Hi, those feeders can look the same when at any point they have remained dry for too long... any incidental toxicity, mitomycin residuals or anything similar... it could be too much mitomycin as well, so more than inactive they were posed to die when they were frozen or plated...i don't see the infective agent surrounding the cells, which i should if it would have been in the culture enough time to kill the cells... unless you have washed the plate a lot before taking the picture and browsed for a clean area...
as i said before, if you don't have feeders you need another coating different from gelatin... the easiest one is matrigel from invitrogen or other source... if you don't have conditioned media from feeders or other source of feeders you may want to disrupt those balls mechanically or with triple select and freeze them, remembering to add rock inhibitor if they are human, until you have feeders ready... if they are mouse they have a chance to grow on matrigel with regular iPS media, maybe increasing LIF concentration... but if they are human and are being derived now after reprogramming, unfortunately with that support they won't form colonies.... but if you pull a glass pipette and manage to cut them mechanically and the 'balls' are 'foamy', they are pluripotent and you can save them... the balls on the first pictures can be ok, and the third one is trickier in my opinion...
Thanks Dear Mavi. As I have another plate of tansfected cells with normal morphology,I was wondering if you could let me know what is the triple select and as I have no rock inhibitor could I ignore it?
So,In your idea the ball in the first image is pluripotent one?I was thinking that it is EB and the third one can be consider as the ipsc!

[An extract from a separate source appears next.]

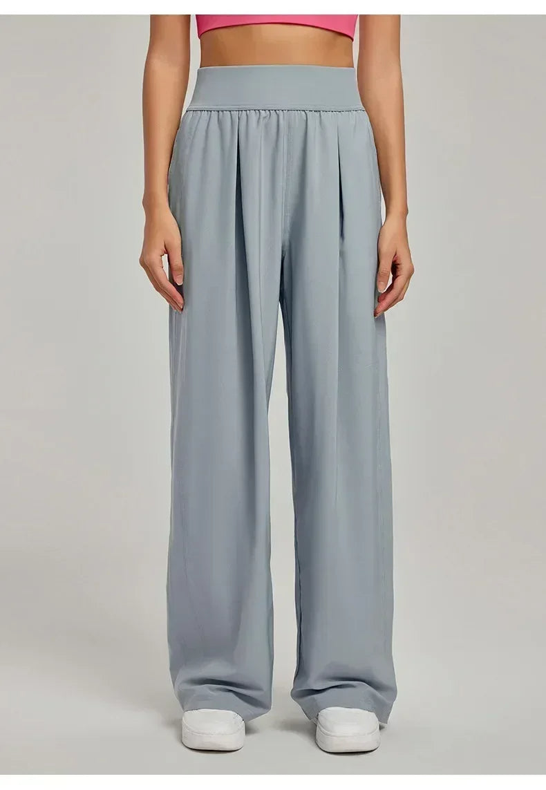 Deze damesbroek heeft een eenvoudige, minimalistische look. De tailleband is elastisch voor eenvoudige aanpassing. Plooien aan beide zijden van de tailleband. De broek heeft zakken aan beide zijkanten en een rechte pijp.

Yes, your iPSCs look very differentiated. I would recommend thawing some new cells. Additionally, you should look into what components of your previous culture system might have been causing the differentiation... of course this is difficult when you don't have a control of a culture that is working! Anyway, I think mTeSR or another commercially prep'd medium would be a good option so you can be sure all the components are quality controlled for use with iPSCs.